むかしむかし

さる老舗大企業グループのトップである会長には、大事に育ててきた四姉妹がおりまして

その末っ子天使ちゃんのもとに

ぜひぜひ!我が社に来ていただきたい!

その美貌と将来性、その天使属性(←真顔)を、どうしても我が社のシンボルに欲しいのです!

という新興企業からの縁談が



会長はすぐさま、これは良縁だと言うカミの御告げ、もとい百戦錬磨の直感を信じ、天真爛漫天然箱入り娘体質な天使ちゃんを嫁がせることに…

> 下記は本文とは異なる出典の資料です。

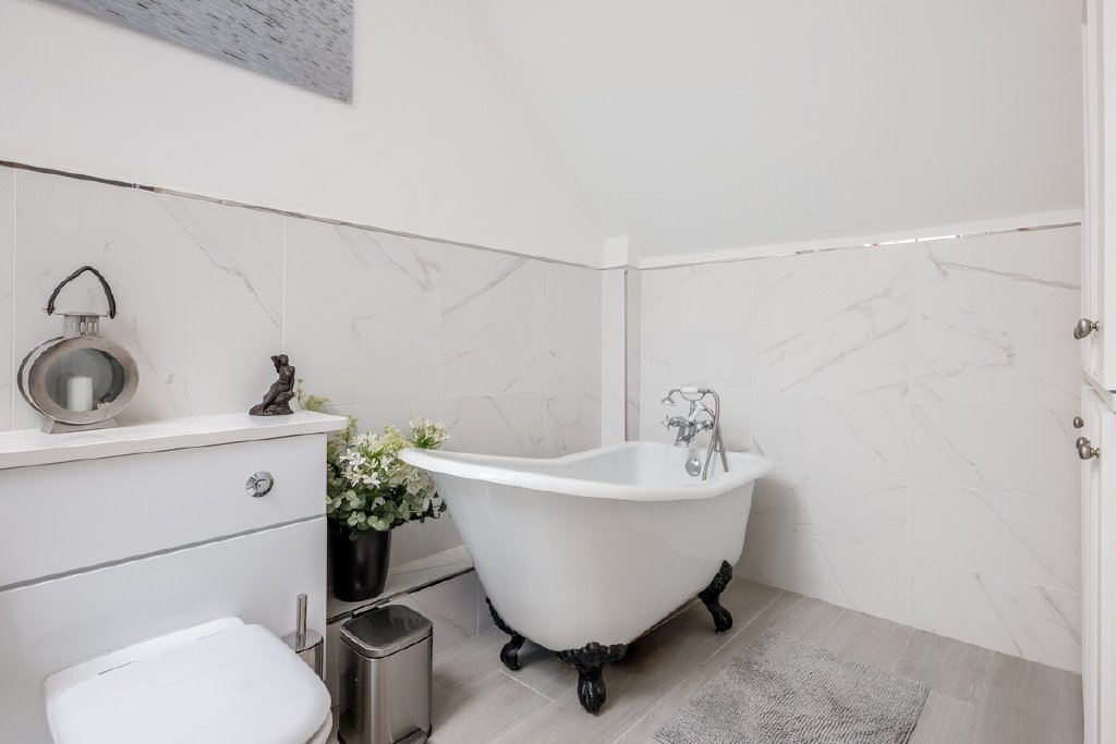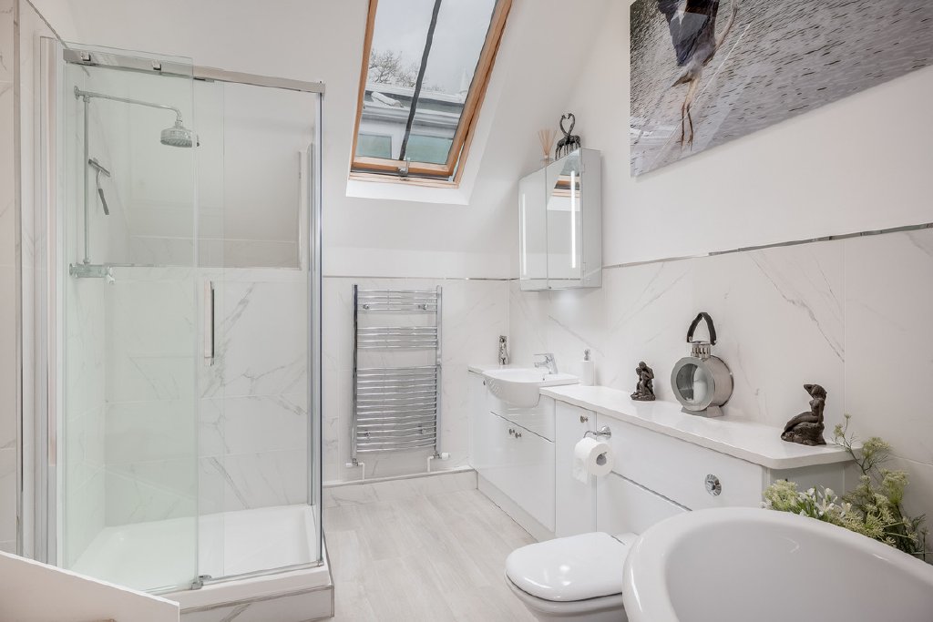 The family bathroom in flooded with light from a skylight above and features both a freestanding roll top, claw foot bath and a separate shower.

でも、仲の良い四姉妹を離してしまうのは何だか気が引けるのか

1年ぐらい行ってみて、別に何時でも戻ってきていいからね

などと言って、取り敢えず祝言


だけど

嫁いだ先での天使ちゃん

元来の人見知りが災いしてなかなか心を開くことができません


天使ちゃん、折り畳んでいた『はね』をこっそり出してみます

ぱたぱた

ちょっとはジャンプできるけど

ちゃんと翔べるのはまだまだらしい


頑張れってことかなぁ

て天使ちゃんは考えた

で、

ますます先頭に立って頑張ってみる



新興企業の方でも、老舗というブランド力と天使ちゃんのあまりにも天使な容姿が相まって、なかなか気安く話しかけることができません

老舗には老舗の考え方があり、それを分かってもらうにはどうすればいいのか

もしかして、分かり合えないのか


微妙な距離感のまま、それでも次々と仕事はやって来るわ、問題は起こるわ…


でも、この天使ちゃん

顔に似合わず、些細なことはすぐに忘れて前にすすむ、猪突猛進型天使ちゃんなので、多少のことは笑顔でかわし、もくもくと仕事を続けます


天使ちゃんのもとで一緒に仕事をする周囲の人達も、こうやって一緒に過ごす時間が増えてくると、ただただクールビューティっぷりに恐れおののいていたけど

何だかそれだけじゃない、ちょっとした人間らしさを垣間見ることもできるようになり…


この人…実はかなりの天然なんじゃ…


とか親近感を覚えて嬉しくなって

ね、聞いて、うちの天然ちゃんてばさぁ…

とか他人に話せるまで距離は縮まったかに見えたある日




天使ちゃんは、ふと考えた

折り畳んであった『はね』を、ちょっと出してみた



ぱたぱた

ぱたぱた


上に浮かんで軽くなった自分にちょっと驚く


見下ろせば、ずいぶん立派になった社屋がそこにあった


ぱたぱた

ぱたぱた


まだまだ

まだまだ


世界は広い


行ってみよう


あらたな世界へ


自分ひとりの力でハバタイテミヨウ



そして、




出戻ってきた末っ子天使ぴーさんに、長女のかざぽんは、昔と変わらず優しく、ぽんぽんと頭を撫でてくれた(←この場合、かざぽんの身長を優くんの身長と見なす)




てな絵ヅラが私の脳裏に浮かんだのだった、昨夜。